I want directly to address the perception that, in the relatively rare instances where licences are subsequently revoked or suspended, the export licensing system is in some way broken. That is certainly not the case. In 2012, the then Foreign Secretary conducted a review of arms exports, which found that there were no fundamental flaws with the export licensing system. However, the review did identify some areas where the system could be strengthened. As a result of that review, a suspension mechanism was introduced to ensure greater responsiveness to changing circumstances overseas.
The suspension mechanism allows for the suspension of pending licence applications to countries experiencing a sharp deterioration in security or stability such that it is not possible to make a clear assessment of whether the consolidated criteria have been met. Following EU Council decisions, it has now been applied to extant licences as well as pending applications. The suspension of licences should, therefore, be viewed not as an admission that there has been a mistake, but as an indication that, on the contrary, the system is appropriately in tune with the reality that circumstances change and that the export licensing system must be able to react appropriately.
Moreover, we have the power to revoke any licence if we judge that changed circumstances mean that it is no longer consistent with the consolidated criteria. Again, revocations should be viewed as indicative of the fact that the system can respond to change, not as a sign that our case-by-case assessment of export licence applications is flawed. We make the best decision possible at the time of each application, and if circumstances change, we can react appropriately. Action to revoke or suspend licences is, then, not a sign that the system is broken; in fact, the flexibility to respond effectively to change is a sign of health and demonstrates how seriously the Government take the guiding principle of responsible exports.
Having set out that overview, I would like to touch on a number of specific issues my right hon. Friend and others have raised. First, however, it would be useful briefly to reiterate the Government’s policy on assessing the risk of goods being used for internal repression.
Criterion 2 of the consolidated criteria, which has been mentioned a number of times, states that an export licence application should be refused if there is a “clear risk” that the goods in question might be used for internal repression or in the commission of a serious violation of international humanitarian law.

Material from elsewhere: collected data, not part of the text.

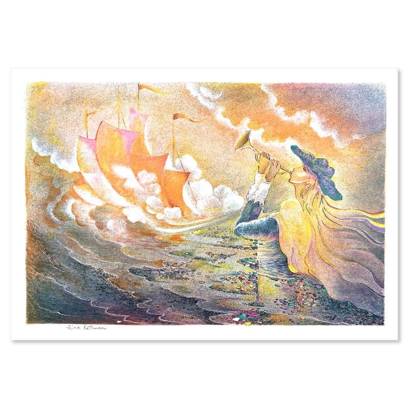 This is a limited edition serigraph on paper by Zina Roitman. The piece comes hand signed by the artist, numbered, and with a letter of authenticity. Measures approximately 12" x 18".
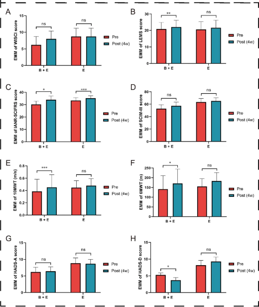在为期4周的干预后,脑控外骨骼训练组(B+E组)在下肢肌力(LEMS)、步行速度(10MWT)、步行耐力(6MWT)及抑郁评分(HADS-D)等关键功能指标上均显著优于仅接受外骨骼训练(E组)的疗效(图2)。
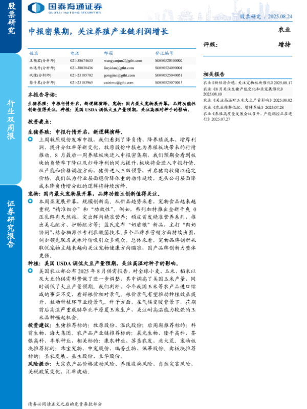 【国泰海通证券】【202508】农业:中报密集期,关注养殖产业链利润增长-10页 证券期货研究报告

Some confusion arose following the former Foreign Secretary’s evidence to the Committees in 2012, which was interpreted as suggesting that the “clear risk” test in criterion 2 had been dropped. Let me emphasise: the threshold of clear risk in criterion 2 has been the policy of successive Governments since the criteria were established in 2000, and it remains our policy. As confirmed in recent correspondence with the Committees, we have no plans to change that policy.
May I correct the Minister on the point he has just made? There was no misunderstanding and no suggestion in the Committees on Arms Export Control that the criterion 2 “clear risk” test had been dropped by the Government at any point.

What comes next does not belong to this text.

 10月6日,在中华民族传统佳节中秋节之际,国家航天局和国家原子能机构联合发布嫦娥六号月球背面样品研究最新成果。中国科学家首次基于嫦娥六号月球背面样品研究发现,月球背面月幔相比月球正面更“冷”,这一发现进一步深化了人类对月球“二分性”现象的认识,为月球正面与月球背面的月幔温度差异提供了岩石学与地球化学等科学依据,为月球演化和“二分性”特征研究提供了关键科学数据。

I thank all hon. Members for their generous comments on my endeavours as Chair of the Committees on Arms Export Controls. It is a unique conjunction of Committees to chair. I have no equestrian background at all, but I have likened it to trying to get a 16-horse stagecoach moving reasonably well in the same direction, which is particularly difficult when there is no ability to vote. We have achieved a lot even in just getting out the reports that we have. I thank hon. Members for their kind personal comments. I hope that the dedicated contributions of the hon. Members for Glasgow North (Ann McKechin) and for Islington North (Jeremy Corbyn) will be big plusses in their getting elected to one of the four Select Committees in the next Parliament. Perhaps one of them may end up as my successor. I wish them well.
I will briefly make one comment about the excellent speech made by the hon. Member for Glasgow North. She rightly and acutely picked up that the Government appear to have erected an additional hurdle before revocations or suspensions can take place to extant arms exports licences to Israel. I want to highlight to her an extraordinary contradiction that I am sure we will want to pursue. The Government have on the one hand dropped the broad test in the October 2000 statement of the right hon. Member for Neath (Mr Hain) from the consolidated criteria, but they have brought it back when dealing with suspensions. We made that point in paragraph 126 of our report:
“The Committees conclude that the Government’s decision to apply the broad test of ‘equipment which might be used for internal repression’ rather than the narrow test of ‘clear risk that the proposed export might be used for internal repression’ for deciding whether arms export licences should be suspended is welcome.”
I cannot begin to explain the Government’s contradictory position on that key point, but I am sure that we will be considering it further in Committee.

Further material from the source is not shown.